- Release poster
- Genre: Crime; Thriller;
- Written by: Sri Ram Ram
- Directed by: Sri Ram Ram
- Starring: Karthik Raj; Ramya Pandian;
- Theme music composer: Vishal Chandrasekhar
- Country of origin: India
- Original language: Tamil
- No. of seasons: 1
- No. of episodes: 8 (list of episodes)

Production
- Producers: Sundaram Bala Dinesh Ramana
- Cinematography: Farook Basha
- Editor: Tamil Arasan
- Camera setup: Multi-camera
- Running time: 30 mins
- Production company: Insideus Media

Original release
- Network: ZEE5
- Release: 30 October 2020

= Mugilan =

2020 Indian crime thriller miniseries

Mugilan is a 2020 Indian Tamil-language crime thriller miniseries, produced as an Original for ZEE5, written and directed by Sri Ram Ram and edited by Tamil Arasan. It stars Karthik Raj and Ramya Pandian in the main lead roles.

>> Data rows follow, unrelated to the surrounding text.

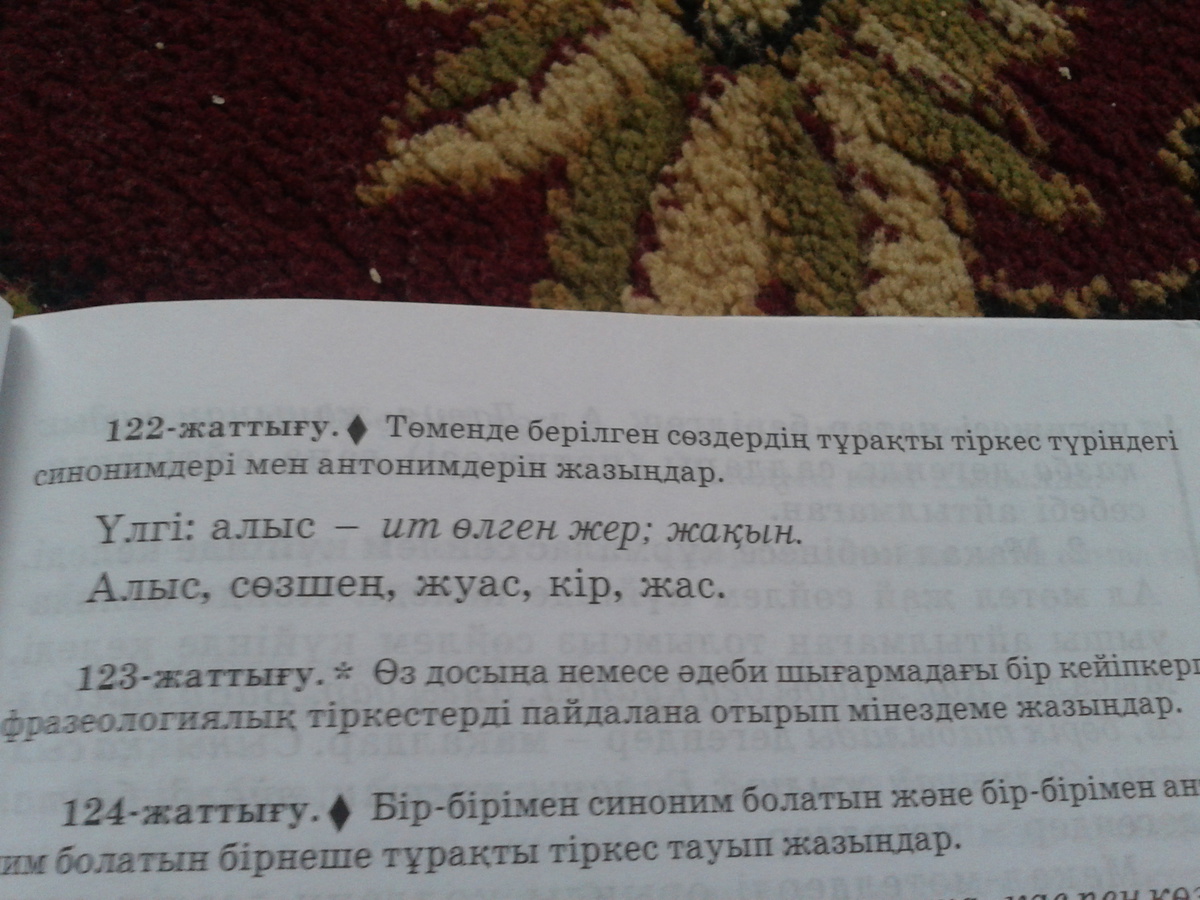 122 жаттығу төменде берілген сөздердің тұрақты тіркес түріндегі синонимдерді мен антонимдерді жазыңдар үлгі: алыс-ит өлген жер;жақын. Алыс,сөзшең,жуас,кір,жас.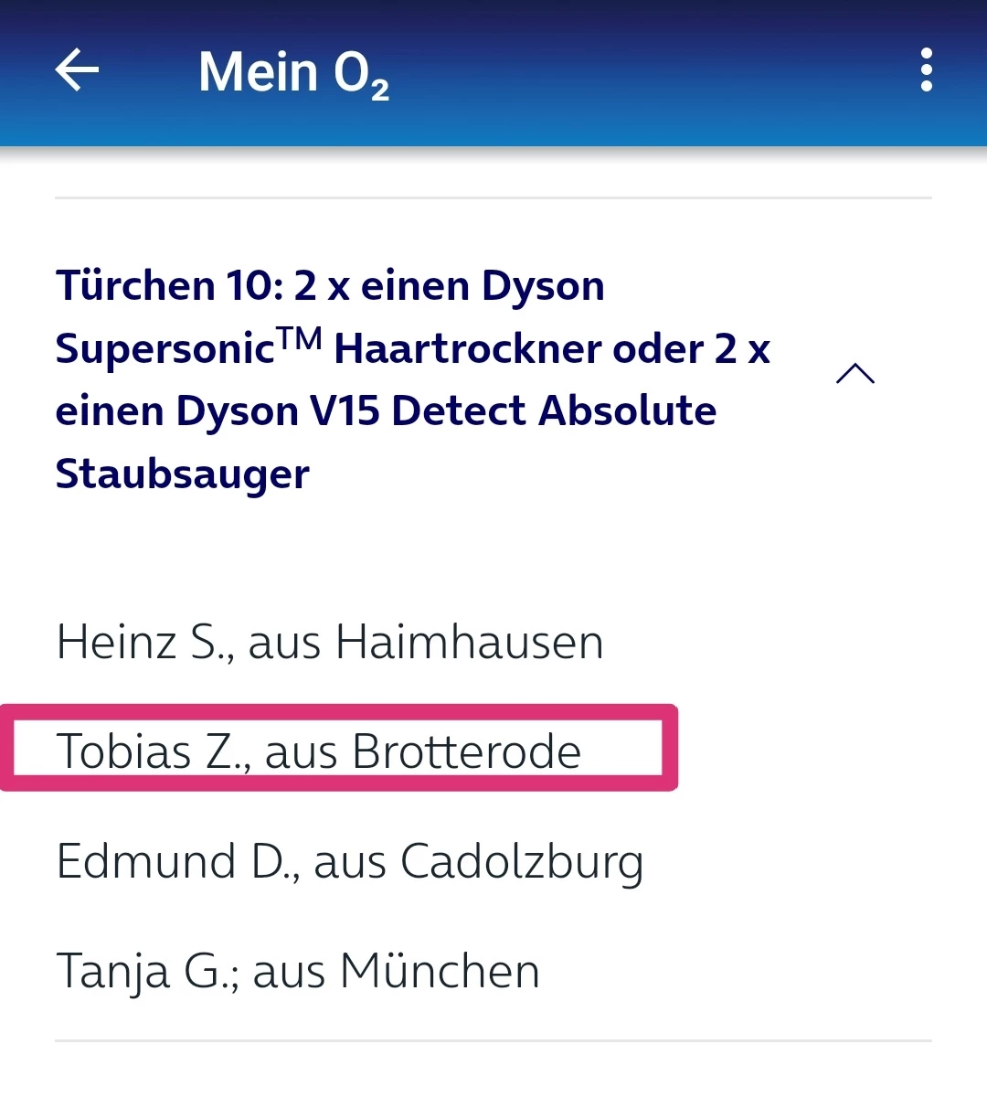O2 Priority Gewinnspiel Gewinner Anzeige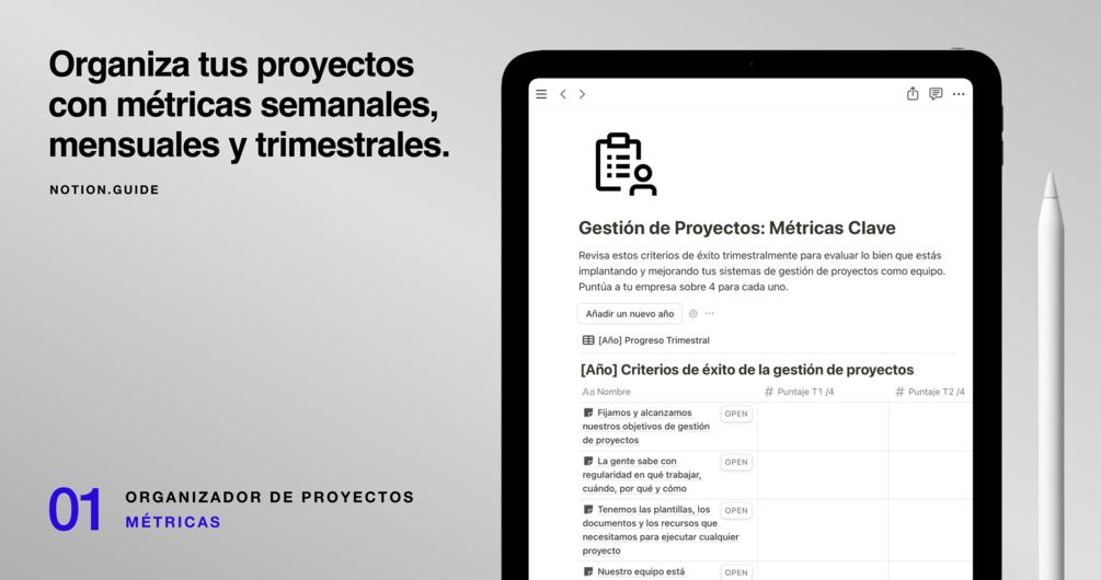 Organiza tus proyectos con métricas semanales, mensuales y trimestrales
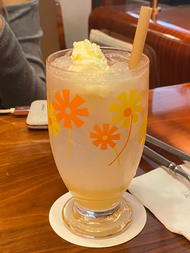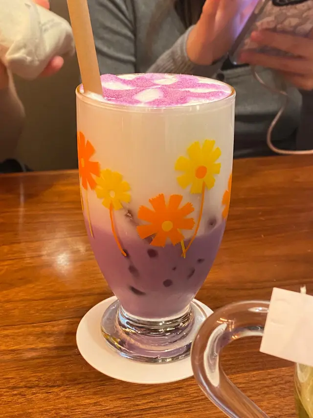 朋友分別點樣白桃梳打同埋紫薯牛乳,成杯整出嚟都幾好睇,好有日本咖啡店嘅風格。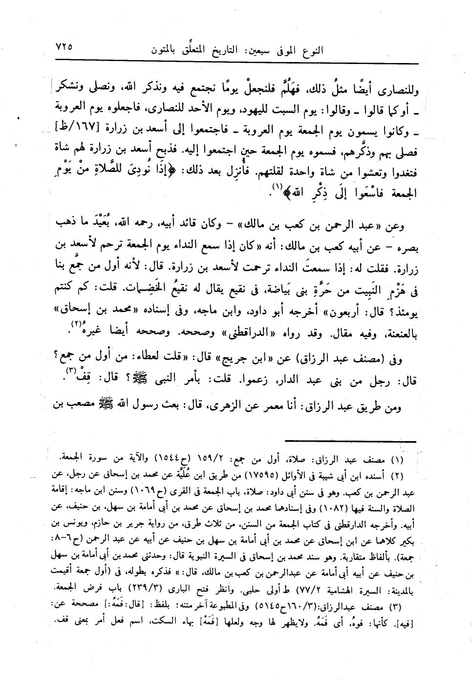 وللنصارى أيضًا مثلُ ذلك، فهَلُمَّ فلنجعلْ يومًا نجتمع فيه ونذكر الله، ونصلي ونشكر - أو كما قالوا - وقالوا: يوم السبت لليهود، ويوم الأحد للنصارى، فاجعلوه يوم العروبة - وكانوا يسمون يوم الجمعة يوم العروبة - فاجتمعوا إلى أسعد بن زرارة [167 / ظ] فصلى بهم وذكَّرهم، فسموه يوم الجمعة حين اجتمعوا إليه. فذبح أسعد بن زرارة لهم شاة فتغدوا وتعشوا من شاة واحدة لقلتهم. فأُنزِل بعد ذلك: " إِذَا نُودِيَ لِلصَّلَاةِ مِنْ يَوْمِ الْجُمُعَةِ فَاسْعَوْا إِلَى ذِكْرِ اللَّهِ " (1).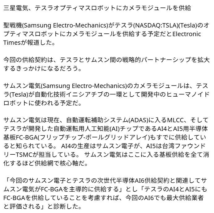 しかしチームを解体したことで、テスラは今後、コンピューティング能力の面ではエヌビディアやAMD、チップ生産の面ではサムスン電子など外部の技術パートナーへの依存度を高める計画とみられる。>>53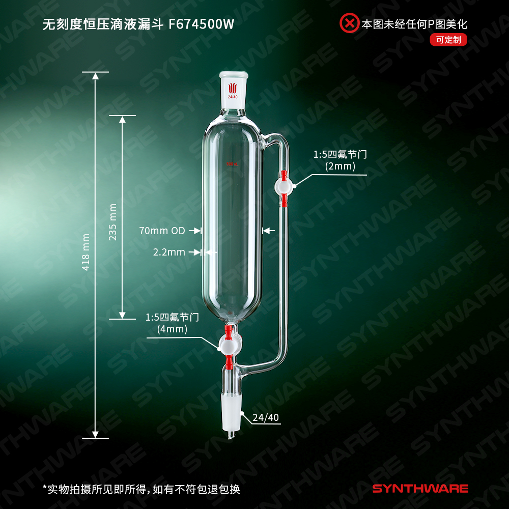 无刻度恒压滴液漏斗,双四氟节门,500ml,29/42 F678500W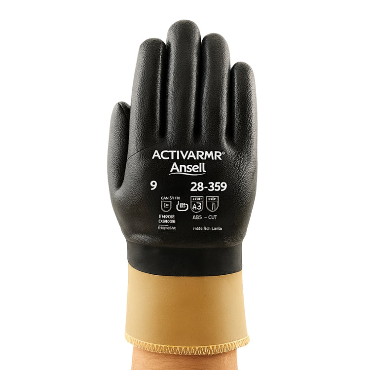 Luva de segurança confeccionada em raspa, com reforço interno em tecido térmico de Grafatex de algodão, com uma tira de raspa entre o polegar e o indicador.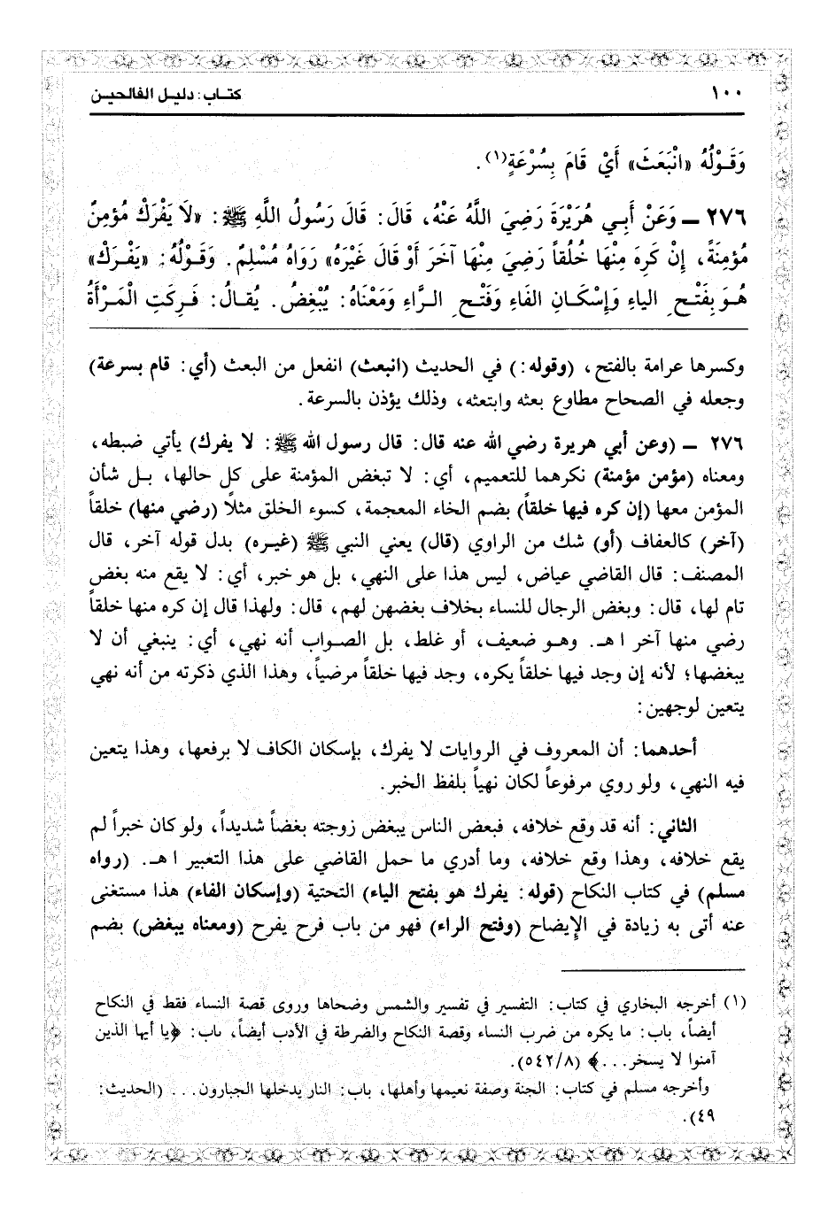 الثاني: أنه قد وقع خلافه فبغض الناس يبغض زوجته بغضاً شديداً ولو كان خبراً لم يقع خلافه وهذا وقع خلافه، وما أدري ما حمل القاضي على هذا التعبير اهـ. (رواه مسلم) في كتاب النكاح (قوله: يفرك هو بفتح الياء) التحتية (وإسكان الفاء) هذا مستغنى عنه أتى به زيادة في الإيضاح (وفتح الراء) فهو من باب فرح يفرح (ومعناه يبغض) بضم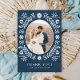 Tack för det här blå Talavera mexikanska temat Foto Tack för ditt kort! Det här kortet blandar kulturell charm med elegans med elegans. Det är ett intrikat Talavera mönster i häpnadsväckande blånyck. Lägg till ditt favoritfoto från bröllop för att göra det personligt och hjärtligt - en viktig sak som dina gäster uppskattar nästan lika mycket som de minnen du delade!"Matchande objekt i vår butik Cava Party Designer.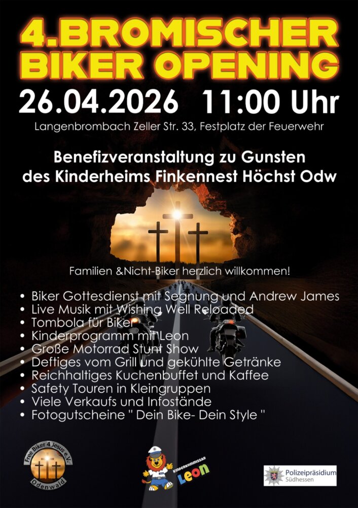 Brombachtal-Langenbrombach. Zum 4. Bromischen Biker Opening wird am Sonntag, 26. April, auf den Festplatz der Feuerwehr in der Zeller Straße 33 eingeladen. Beginn der Benefizveranstaltung ist um 11 Uhr.

The miniseries is set in the backdrop of 1970s era and it is based on how socio political elements eventually triggered to a rise of a gangster in Tamil Nadu. It was released on 30 October 2020.

==Premise==
The series depicts socio-political events that led to the rise of one of the most dreaded gangsters of Kanchipuram district in Tamil Nadu in the 1970s called Mugilan.

== Cast ==
- Karthik Raj as Mugilan
- Ramya Pandian as Maheshwari
- Raj Kumar manthirapandi as Rajendran
- Asha Rathi as Malar Mugilan's daughter
- Aadukalam Naren as Mudaliyar
- Gayatri Rema as Devi
- Robert as Saravanan
- Risha Jacobs as Saravanan's girlfriend
- Junior Balaiah as Dhashwanth

== Production ==
Karthik Raj was roped into play the male lead role in the series while he was busy with shooting for Zee Tamil television soap opera Sembaruthi. Ramya Pandian was roped into play the main female lead and made her digital debut through the project.

== Release ==
This is the first web series to be announced by the ZEE5 platform for the release after the COVID-19 pandemic lockdown in India. It was released through ZEE5 on 30 October 2020.

== Episodes ==

| No. overall | No. in season | Title | Directed by | Written by | Original release date |
|---|---|---|---|---|---|
| 1 | 1 | "The First Strike" | Sri Ram Ram | Sri Ram Ram | 30 October 2020 |
| 2 | 2 | "Deceit" | Sri Ram Ram | Sri Ram Ram | 30 October 2020 |
| 3 | 3 | "Lost in love" | Sri Ram Ram | Sri Ram Ram | 30 October 2020 |
| 4 | 4 | "The Rise of the Underdog" | Sri Ram Ram | Sri Ram Ram | 30 October 2020 |
| 5 | 5 | "Power Play" | Sri Ram Ram | Sri Ram Ram | 30 October 2020 |
| 6 | 6 | "Red Eagles" | Sri Ram Ram | Sri Ram Ram | 30 October 2020 |
| 7 | 7 | "Allegiance and Betrayal" | Sri Ram Ram | Sri Ram Ram | 30 October 2020 |
| 8 | 8 | "Checkmate" | Sri Ram Ram | Sri Ram Ram | 30 October 2020 |

== Reception ==
Navein Darshan from Cinemaexpress wrote that it is "an unengaging gangster drama that fails due to lack of clarity in writing and underwhelming performances" but appreciated "the landscapes."